Taiwan Industry to Target China as Free Trade Agreement Kicks Off for Bikes
On December 29 China cutted import duties on 557 items imported from Taiwan, including bicycles. Its the second step of the Economic Framework Agreement (ECFA) between China and Taiwan. It spurred the recently elected president of the Taiwan Bicycle Exporters’ Association (TBEA),
TAICHUNG, Taiwan — On December 29 China cutted import duties on 557 items imported from Taiwan, including bicycles. It’s the second step of the ‘Economic Framework Agreement’ (ECFA) between China and Taiwan. It spurred the recently elected president of the Taiwan Bicycle Exporters’ Association (TBEA), Giant CEO Tony Lo, to call upon the Taiwan industry to ‘establish strong positions in China’.

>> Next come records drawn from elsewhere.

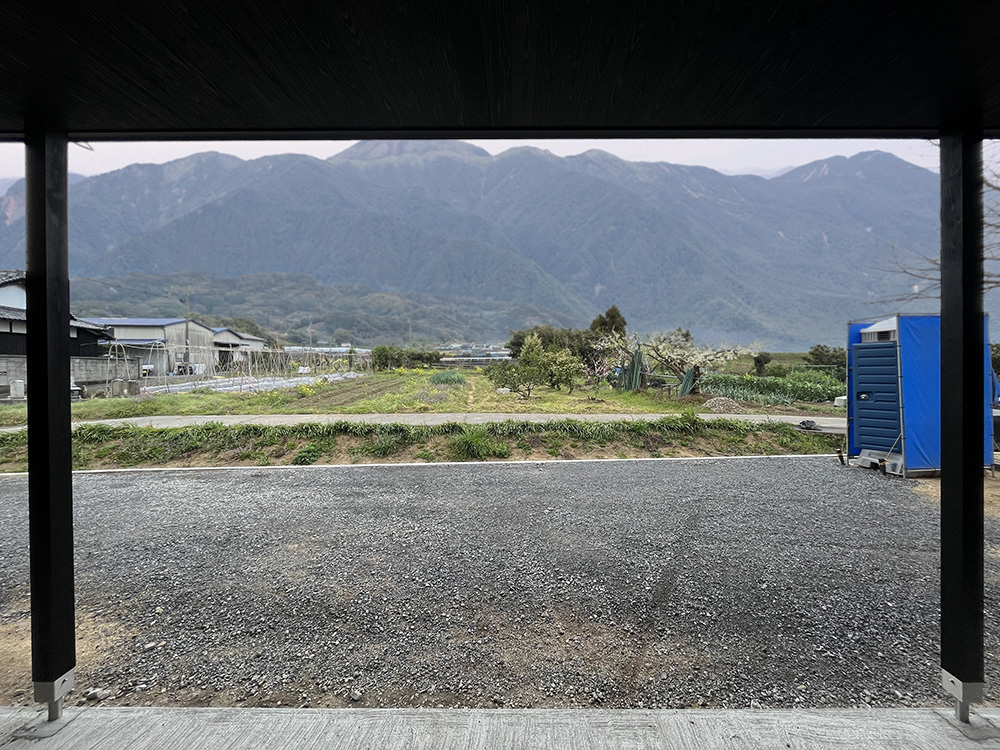 真砂土で水平に造成され、表面には砕石が敷かれて転圧してあるのでカチカチ。建築工事の為には仕方のないことではありますが、ここに何か植えてもちゃんと育つとは思えない雰囲気です。
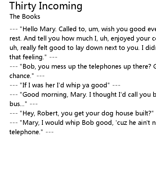 --- "Hello Mary. Called to, um, wish you good evening and, uh, wish you good rest. And tell you how much I, uh, enjoyed your company, uh, last evening. It, uh, really felt good to lay down next to you. I didn't realize how much I missed that feeling." --- |
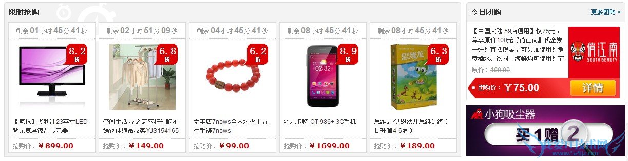 限时抢购:顾名思义,这些个产品的特价是限了时间的,过了时间就会涨价(至于到底会不会涨,咱不去深究,经常在淘宝买东西的童鞋应该很清楚这个),并且这个价格确实很便宜,至少比商店里便宜多了,并且每个产品上方都有一个时间表在不停的跳动,时刻提醒用户这个产品的折扣快结束了,请尽快下单哦!
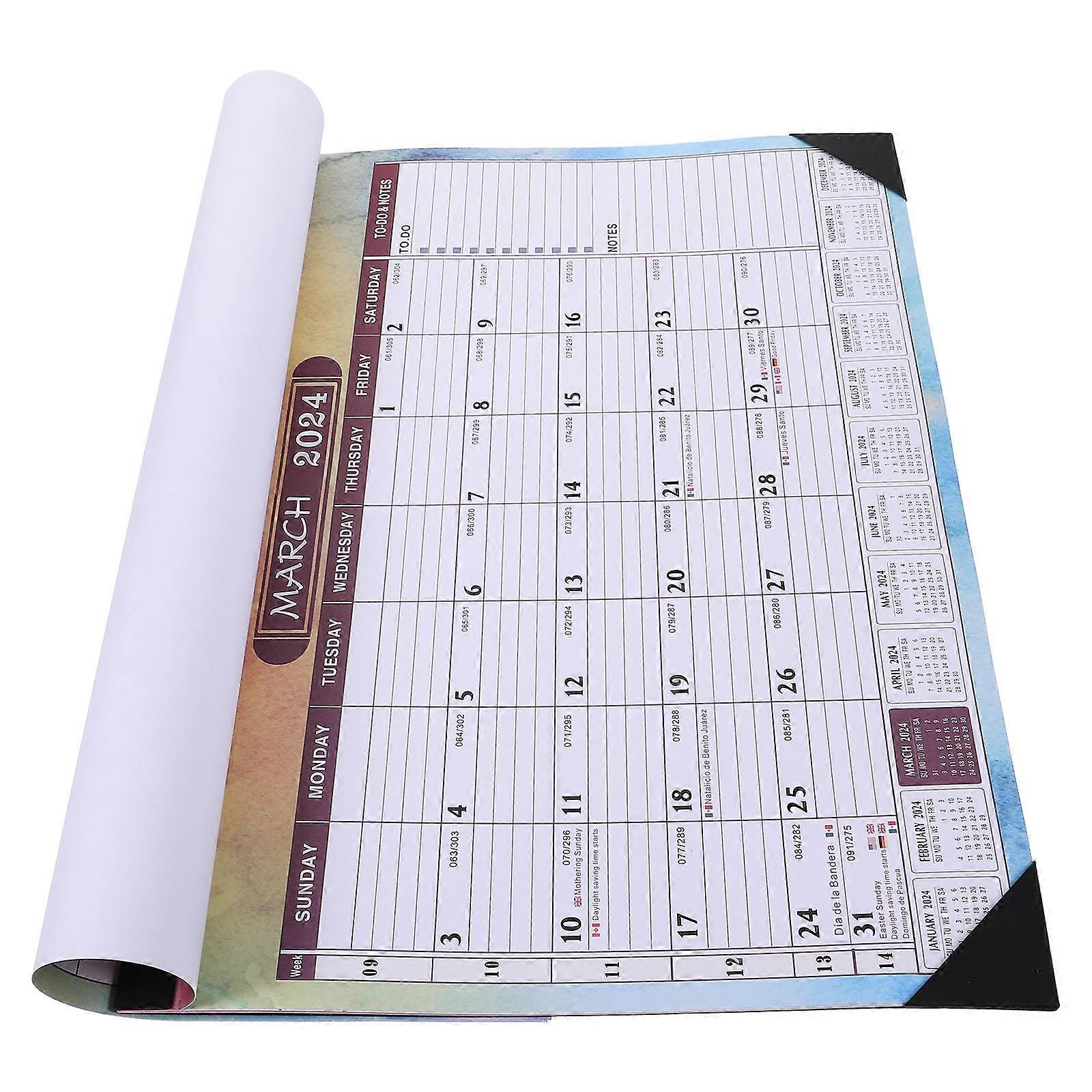 2024 Office Calendar Paper Monthly Noting Calendar for Home 4Pcs

Tony Lo was elected TBEA president on December 24. He replaces Ying Ming Yang, Kenda’s president, who has held the post for six years. In a speech to the members of the Exporters’ Association, Lo referred to the Economic Framework Agreement between China and Taiwan and mentioned that China has been the world’s most important bicycle market for a number of years. In view of that and the Free Trade Agreement Tony Lo said to the TBEA members that: “Firms must establish strong positions in China.”
China and Taiwan will lower import taxes on more than 800 products under the first trade treaty between the former civil-war foes, an accord that the island called a ‘vitamin’ for its economy. Next to the duties-drop by China on 557 items imported from Taiwan including bicycles; Taiwan will lower tariffs on 267 items such as tea and cement from the mainland.
Whether the Free Trade Agreement will lead to an exodus of bike and bike parts production from Taiwan to China, remains the question. The outcome of the current review of the anti-dumping measures on bicycles and parts imported from China into Europe will be decisive in this matter. A decision on that by the European Commission is expected for the end of 2011.
In the meantime, EU’s new Generalised System of Preferences (GSP), which became effective January 1, 2011, is very favourable to OEM bike makers in countries like Bangladesh, Thailand, Cambodia and Vietnam. The new regulation is big relaxation of the rules for local content as it is set for products made in the Least Developed Countries (LDC’s) at a requirement of just 30% instead of 60% as specified in the old ruling.